● **EXERCISE DATA**
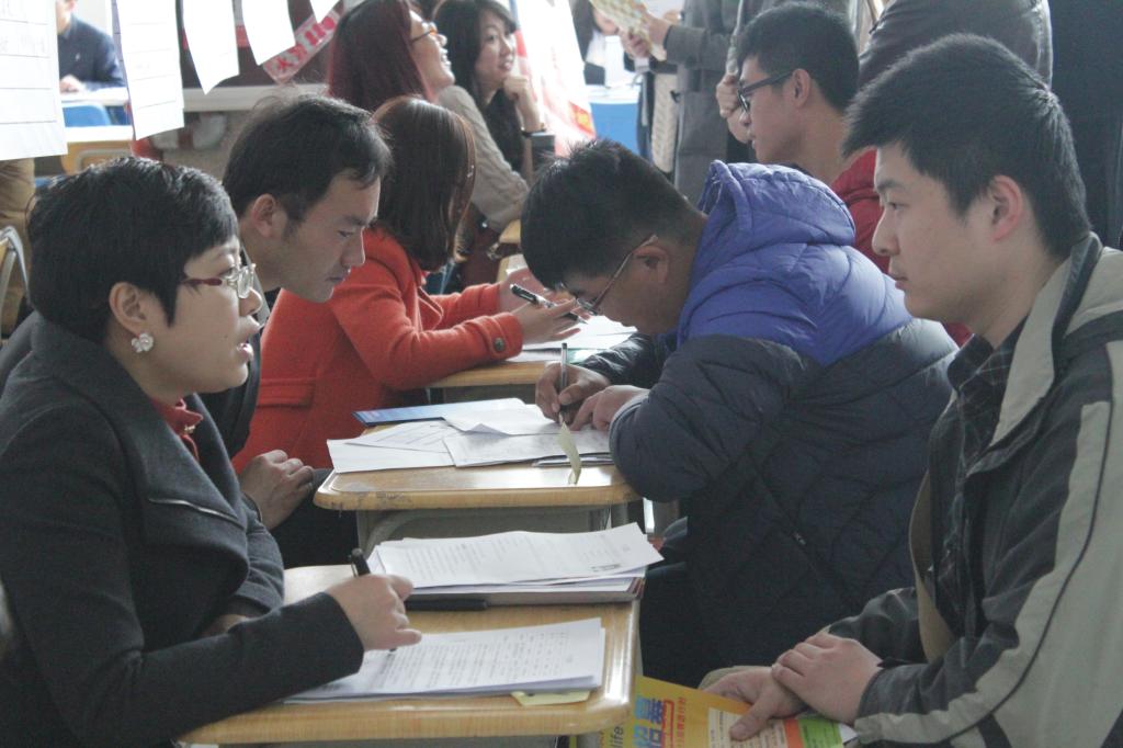 、外国语学院、体育学院“新常态新导向新希望”2015届毕业生供需见面会在崂山校区北苑三楼大厅举行,学生处及相关学院领导莅临招聘会现场指导工作。本次供需见面会共提供就业岗位3000余个。 在经济新常态下,今年的供需见面会较往年相比,有了不少变化。一是,参加见面会的中小企业的比重有较大提升。今年招聘会吸引了来自北京、内蒙古、河北、青岛、烟台等地180余家企业,招聘需求涵盖了财务、国贸、物流、电子商务、英语、韩语等专业。其中,中小企业占据了多数。这是在政府“大众创业,万众创新”的倡导下,新兴企业活力明显增强的直接体现。二是,参会企业互联网化倾向明显。参会企业中,传统企业比重下降,新型电商企业明显增多,几乎所有的参会企业都有网络营销的岗位需求。这客观上也要求当代大学生进一步提高自身网络实用技能。三是,企业的福利待遇与岗位要求同时提高了。见面会现场,很多企业列出了带薪年假、出国旅游、生日礼品、结婚礼品、五险一金、舒适办公环境等福利,工资待遇较往年也有了提升,但同时,各单位对于应聘者也提出了更高的要求。有些企业要求毕业生必须从基层做起,有些企业对毕业生口语水平要求则更严格。
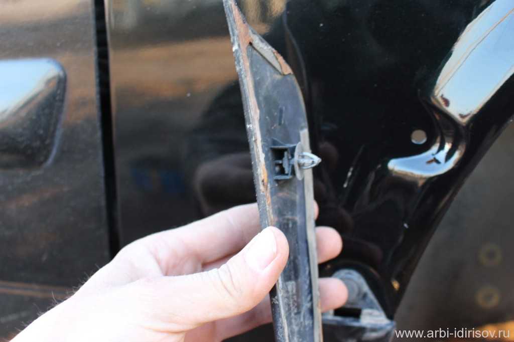 После того как всё открутили, нам нужно открутить все болты крепящие крыло — это болт под порогом, под бампером, два болта под крылом ближе к двери и болты сверху под капотом. И да, не забываем снять повторитель поворотов с крыла, там всё просто — он на защёлках.
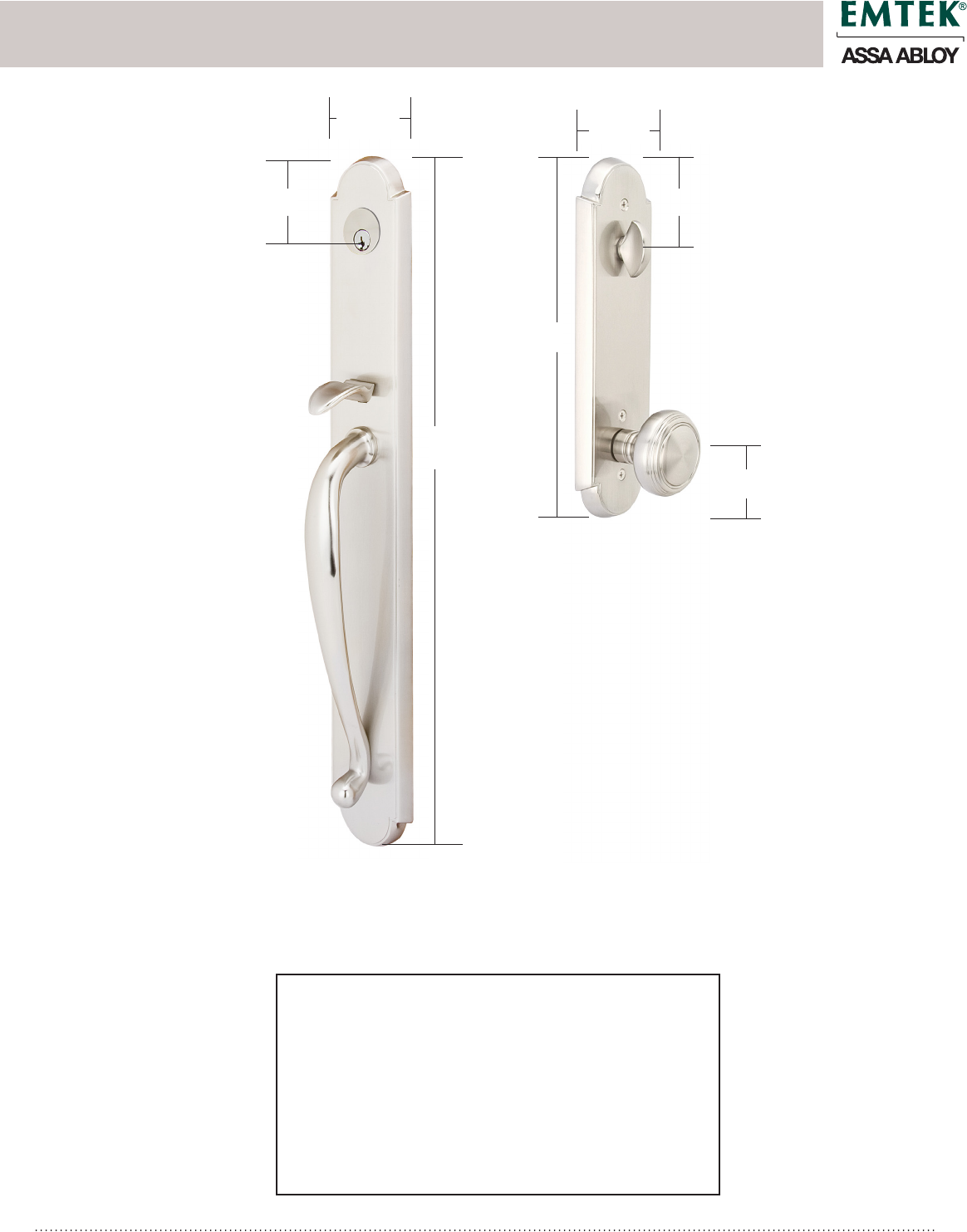 Emtek Products, Inc. 15250 Stafford St. City of Industry, CA 91744 Tel: 800.356.2741 Fax: 800.577.5771 www.emtek.com
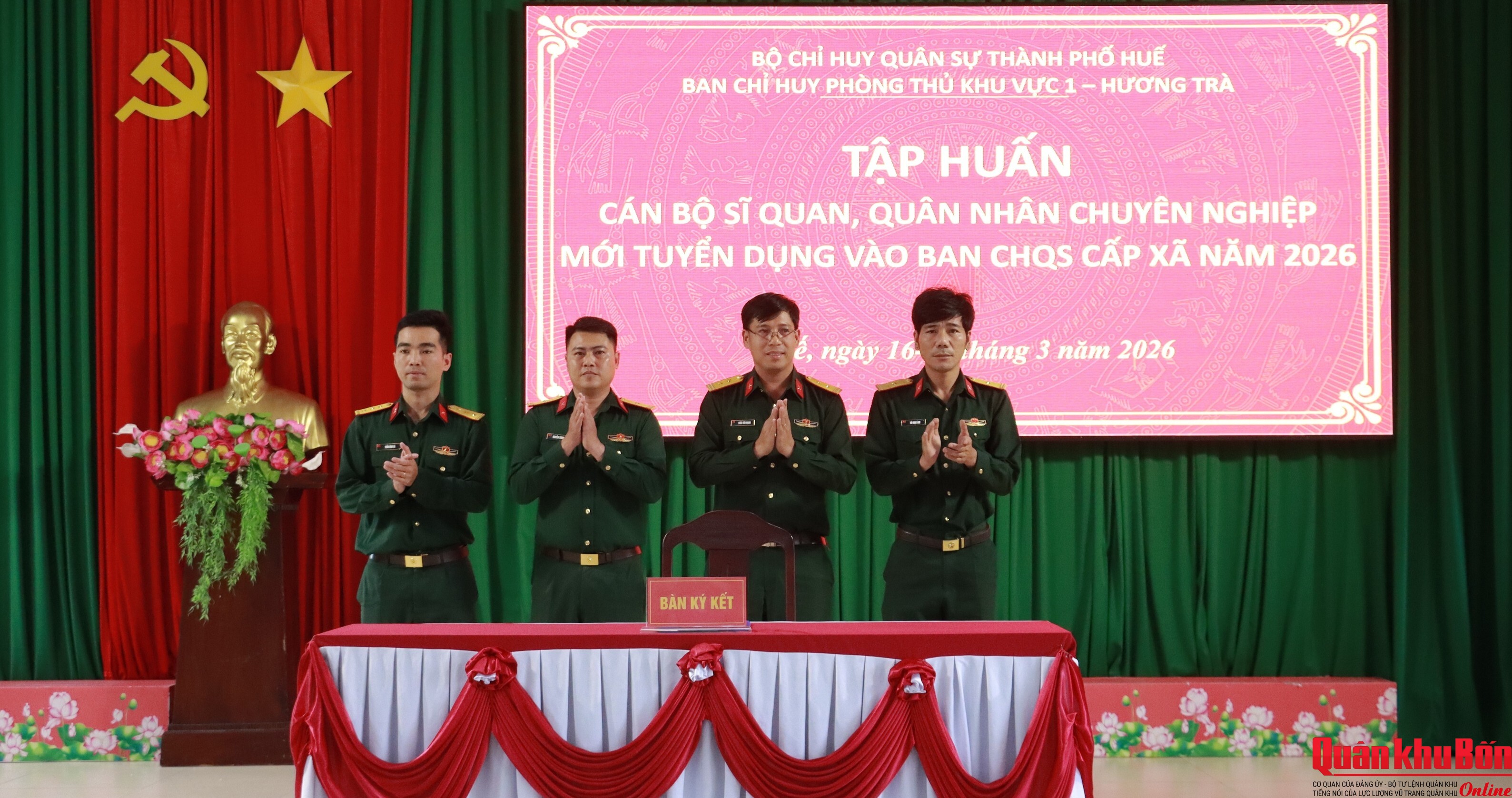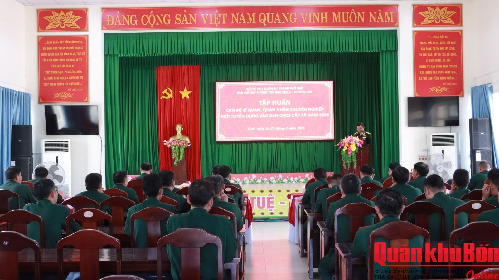 Bộ Chỉ huy Quân sự (CHQS) thành phố Huế chỉ đạo Ban Chỉ huy phòng thủ Khu vực 1 - Hương Trà tổ chức tập huấn cho đội ngũ cán bộ sĩ quan, quân nhân chuyên nghiệp (QNCN) mới được tuyển dụng vào Ban CHQS cấp xã năm 2026.

● **EXERCISE DIRECTIONS**
Above is the material; set down exactly its lines from the one containing "После того как" down to the one containing "Emtek Products, Inc.", both included, leaving out any pictures.

● **TASK SOLUTION**
 После того как всё открутили, нам нужно открутить все болты крепящие крыло — это болт под порогом, под бампером, два болта под крылом ближе к двери и болты сверху под капотом. И да, не забываем снять повторитель поворотов с крыла, там всё просто — он на защёлках.
 Emtek Products, Inc. 15250 Stafford St. City of Industry, CA 91744 Tel: 800.356.2741 Fax: 800.577.5771 www.emtek.com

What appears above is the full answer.